We continue up the canyon, now paralleling the south river margin thru a beautiful pine, fir and cedar forest. Thru the trees we now and then catch a glimpse of the Quarter Domes beyond the dominating Half Dome, and finally the summit of Clouds Rest. Three-quarters of a mile from the village is the picturesque Sierra Club Lodge at the right of the road. A short distance further is Camp Curry, delightfully situated among the giant pines and cedars at the base of the towering cliff of Glacier Point. At this spot was the large Indian village of Too-yu´-yu´-yu, and a short distance to the northeast in the meadow was Too-lah´-kah´-mah. This famous hostelry, Camp Curry, is the final destination of all stages. The road continues up the canyon to Happy Isles.

ROAD TRIP I-A

POHONO BRIDGE TO YOSEMITE via BRIDALVEIL ROAD

(5 miles—20 minutes by stage)

The Bridalveil Road, ascending the south side of the valley, is scenically superior to the north, or El Capitan Road. Crossing Pohono Bridge to the south side of the Merced the road immediately enters a dense and beautiful forest. A short distance takes us to Fern Spring, justly famous for the purity of its ice cold water. One-half mile beyond we suddenly emerge at Bridalveil Meadows, obtaining a most charming view of the Gates of the Valley. At the right, Bridalveil Fall leaps 630 feet from its hanging valley, the one side of which is formed by the massively sculptured Cathedral Rocks, and the other by a solid granite ridge terminating at Leaning Tower, another eminence of the turreted south wall. On the opposite side of the canyon rises the sheer face of El Capitan. In the recess at its west the evanescent streamer of Ribbon Fall descends in a lace-like film.
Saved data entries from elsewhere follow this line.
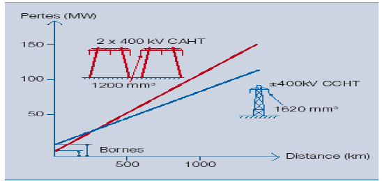 Figure 3.15 : Les liaisons CCHT perdent moins d’énergie sur la distance que leurs homologues CAHT.
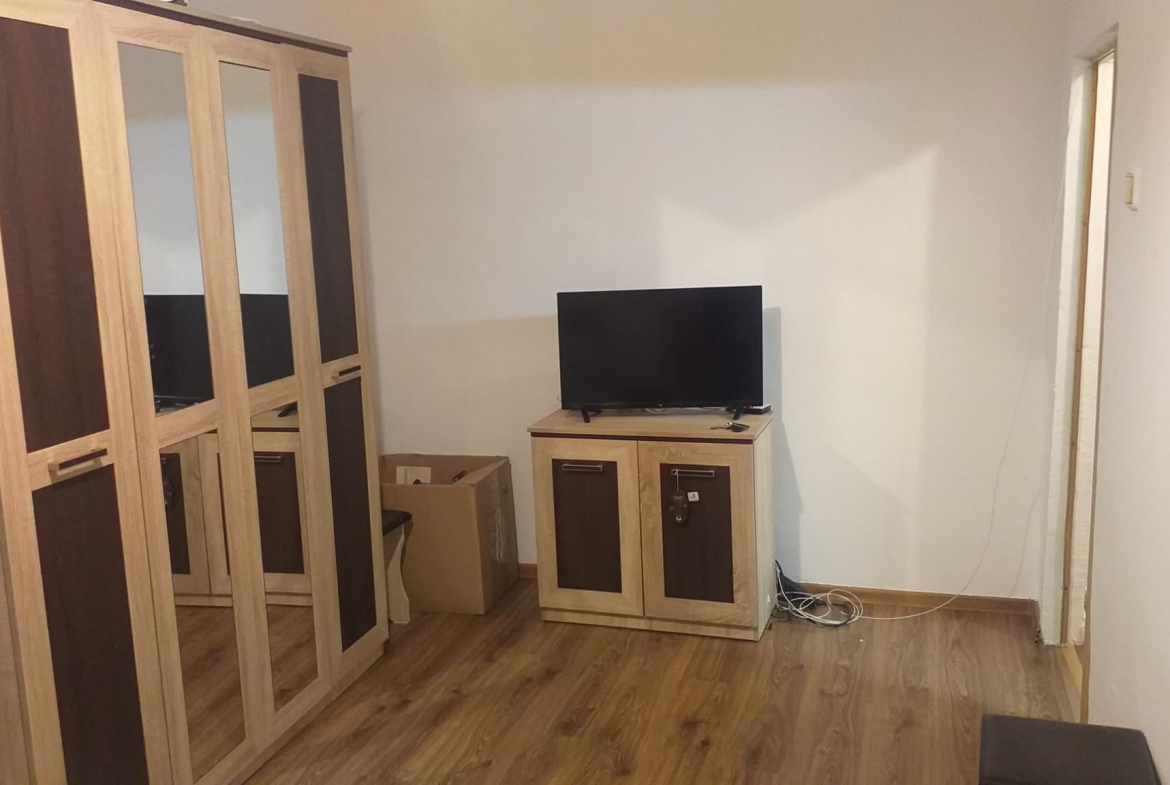 O garsoniera foarte prezentabila situata in Micalaca langa parcul Orizont compusa din camera, bucatarie, baie, hol, total mobilata si utilata decent, dotata cu toate electrocasnicele necesare TV, frigider, masina de spalat, cheltuieli mici de intretinere, ocupabila imediat la un pret foarte atractiv la numai 150 euro chirie plus garantie.
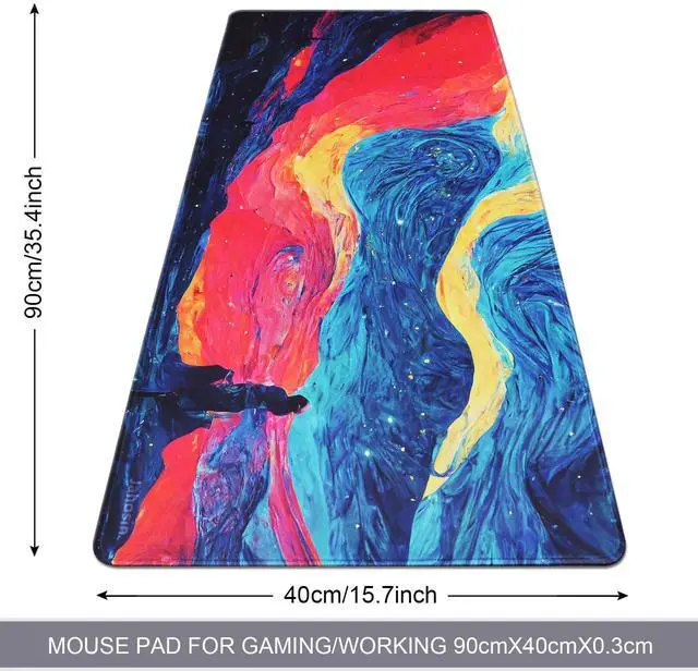 Why do I need a large mouse pad? * Why not? * You never have to worry about the edge running again! Perfect size: provides the ultimate gaming and working experience. Now you don't have to worry about the mouse going over the edge. Just focus on the game while the pad gives you all the space in the world! SMOOTH SURFACE Covered by the comfortable fabric, the mouse pad has a soft and smooth surface, helps with mouse control as it is less resistant than other products. Movement is now controlled, silky and effortless. RUBBER BASE: gives extra stickiness so you won't slip at a crucial moment. To win, you must trust your weapons in your arsenal. And mouse pad is sure to be an important tool for a gamer. You can rely on that. PROFESSIONAL EDGE STITCHING Our professional game mouse pad has high quality stitching on the edges to ensure it won't fray or fall apart like other mouse pads, it's easy to clean. The colour will never fade. We made the best gaming mouse pad in a variety of wonderful colors. Features: * Designed by gamers, ideal for gaming/office work. * Dimensions: L 900 mm x W 400 mm x H 2 mm 35.4 x 15.7 x 0.1 inches * Thickness = 2 mm. * Supports full size keyboard with more than enough space for mouse. * Low Friction: Smooth surface for speed and control. * Smooth, breathable, silky lycra surface * Non-slip rubber base. * Optimized for different mouse sensors and sensitivities. * Comfortable and soft * Easy to clean * Ideal gift
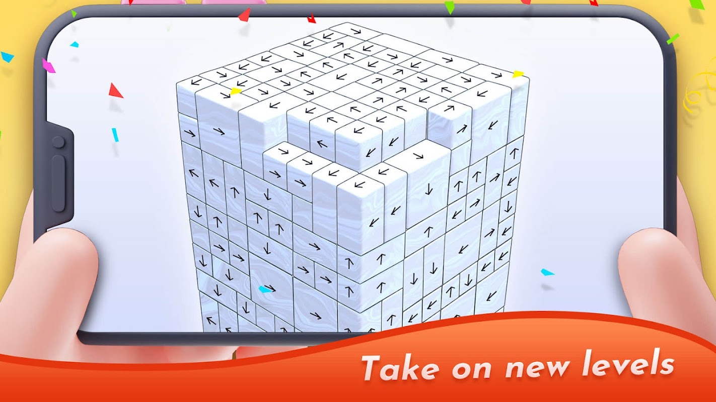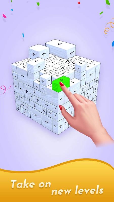 Based on the direction indicated on the blocks, touch the 3D blocks on the screen to make them detach from the others. Since the blocks can only fly in one direction, you need to avoid colliding with other blocks that are still attached. You can rotate the entire screen 360° and think from various angles to achieve victory. Perhaps the props can give you a helping hand, but it's up to your intelligence when you run out of options.
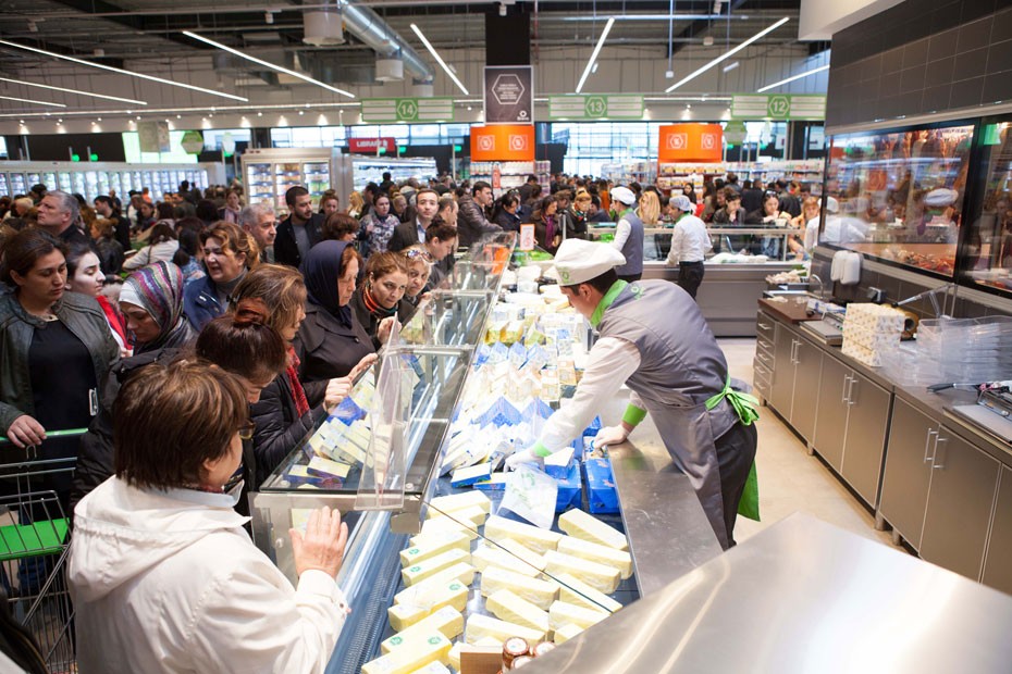 -Daha böyük ət, dəniz məhsulları, qastronomiya, un və qənnadı məhsulları bölmələri
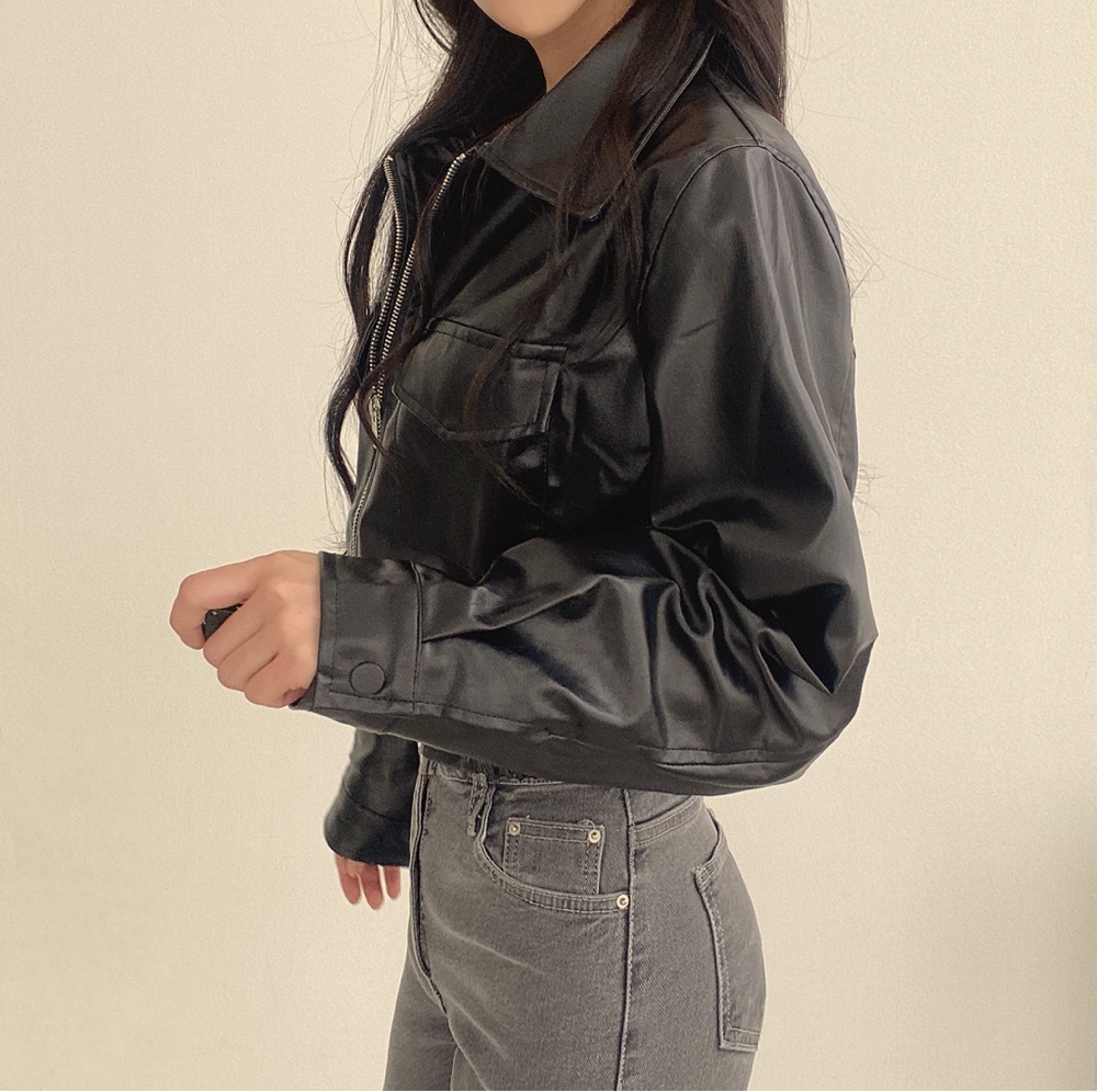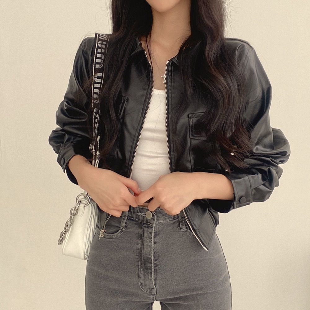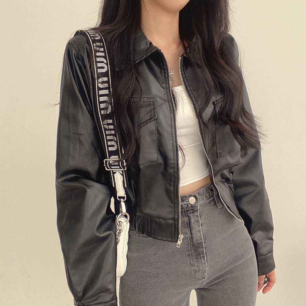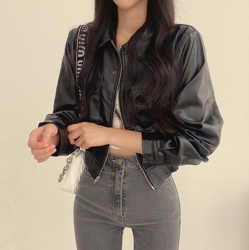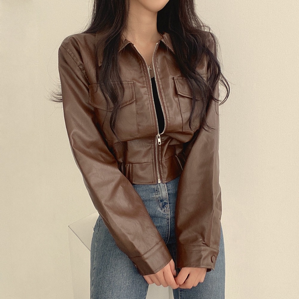Double Pocket Lapel Leather Coat Leather Jacket Coat

At the edge of the meadow about 100 feet north of the road a dense grove of oaks and pines shelters the graves of two pioneers, Rose and Shurban, who were massacred here by the Indians in May, 1852. Near the river was once the Indian village of Sap-pah´-sam-mah. The road now passes near Bridalveil Fall, charming glimpses of which are now and then revealed. A subsidiary road turns to the right and leads to the foot of the falls. This short side trip should be taken by all visitors. Just below a very large rock at the east margin of the stream is the site of the ancient village of Lem-me´-hitch´-ke. In view of this fact, our stories of the Indians' great fear of Pohono, "the spirit of the evil wind," may be somewhat overdrawn.

Just below the imposing buttress of the lowermost of the Cathedral Rocks is El Capitan Bridge, and near it Lo-to-ya (Flower) Spring. North of the river is El Capitan Checking Station and the terminus of the Big Oak Flat Road (Road Trip IV). East of Cathedral Rocks we are treated to a sudden view of the two marvelously slender Cathedral Spires, each rising 500 feet from its base and appearing to tower even above the Yosemite rim. Directly opposite across El Capitan Meadows is a most comprehensive view of the mighty wall of Tote-ack-ah-noo-la, the "Rock Chief" of the Indians, whose title was merely translated into Spanish to make the present name. Chauffeurs often point out the likeness of the chief and other more or less imaginary mural images. In a shallow niche 1189 feet above the road stands a hardy Jeffrey pine 82.4 feet high and two feet in diameter.